Why this super-rare Lower Mainland crow has white feathers and a black beak
A rare crow with a striking combination of white feathers and a black beak was spotted in a Fraser Valley park this week, and a wildlife expert says the chances of seeing it are about one in 10,000.
Potographer Bill Peremiczky noticed the unusual crow near the pond in Sardis Park last week. He told Daily Hive he’d never seen anything like it, saying it must be one of a kind.
As it turns out, white crows do sometimes appear in nature, but they’re very rare, according to John Marzluff, a professor of wildlife science at the University of Washington.
This crow was leucistic, meaning it carries a genetic mutation that prevents pigment from being deposited in the feathers. It’s similar to albinism, but albino birds wouldn’t have melanin anywhere — their eyes, skin, and mouth lining would are pink as well.
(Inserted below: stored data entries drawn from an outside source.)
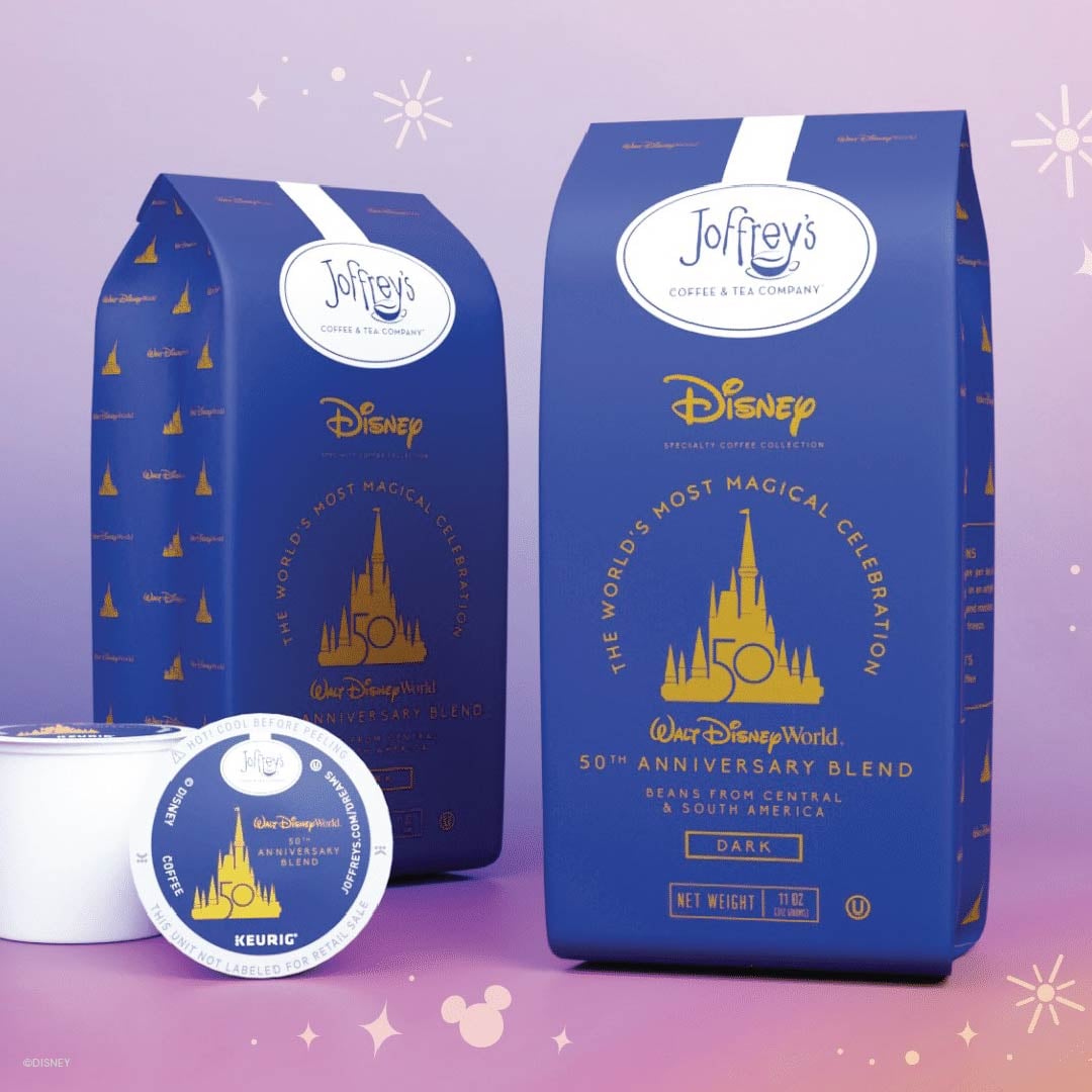 A magical blend to add some sparkle to your cup, the Walt Disney World 50th Anniversary Blend is a dark blend of 100% Arabica beans from Central and South America featuring notes of blueberry, black cherry and a subtle hint of lemon. This blend is available for purchase at select Walt Disney World Resort retail locations, Joffreys.com and Amazon.com.
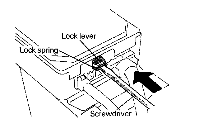 1. Apply a flat tip screwdriver to the lock spring (metallic portion) of the SDU connector lock lever as illustrated and push it horizontally toward the back of the unit.
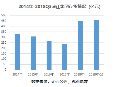 半年報(bào)及顯示,期內(nèi),濱江的存貨由2017年底的241.48億元,增加了87%至451.66億,截至第三季度,這一數(shù)字又繼續(xù)上升到458.25億元。
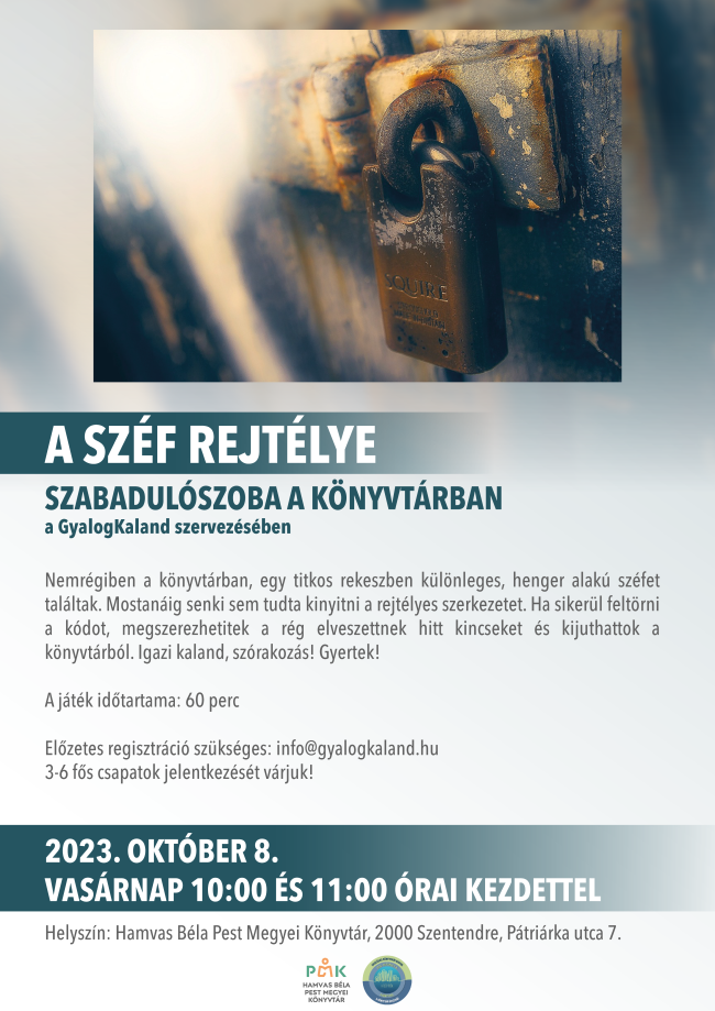 Nemrégiben a könyvtárban, egy titkos rekeszben különleges, henger alakú széfet találtak. Mostanáig senki sem tudta kinyitni a rejtélyes szerkezetet. Ha sikerül feltörni a kódot, megszerezhetitek a rég elveszettnek hitt kincseket és kijuthattok a könyvtárból. Igazi kaland, szórakozás! Gyertek!
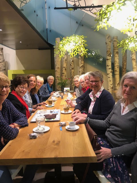 My bedroom balcony of the swiss house with the wisteria in full bloom and some of the lovely flowering trees in the area. A morning catching up with old friends from my walking group in Manora. Such happy times and memories of walks in woods, fields full of cows, cow bells, cow pats, and camaraderie over coffees.
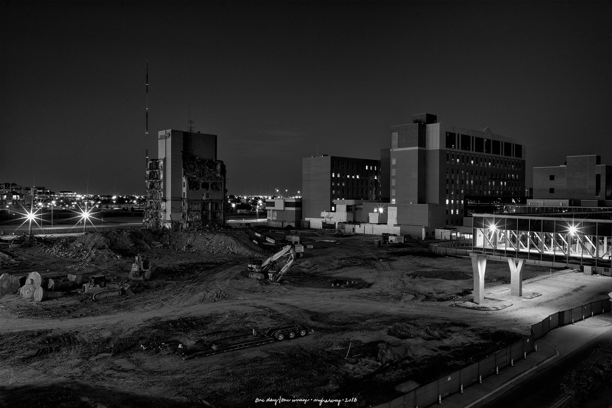 A couple of weeks after I made this shot, my friend with parking-garage access helped me get this photo. The tower is gone by now, but I suppose that heavy-construction equipment still prowls the site, getting things all level for whatever happens next…

Marzluff said the crow from Chilliwack is typical for a leucistic crow — uniform white plumage that could be brown or reddish in places. Leucism can sometimes affect patches of a bird’s feathers, which can be genetic or due to damage to a feather follicle.
Marzluff said one or two leucistic crows are typically spotted every year in the Seattle area, and based on the crow population of 15,000 to 30,000 birds, he estimates the incidents of leucism is about one in every 10,000 crows. But of course, it’s impossible to know precisely.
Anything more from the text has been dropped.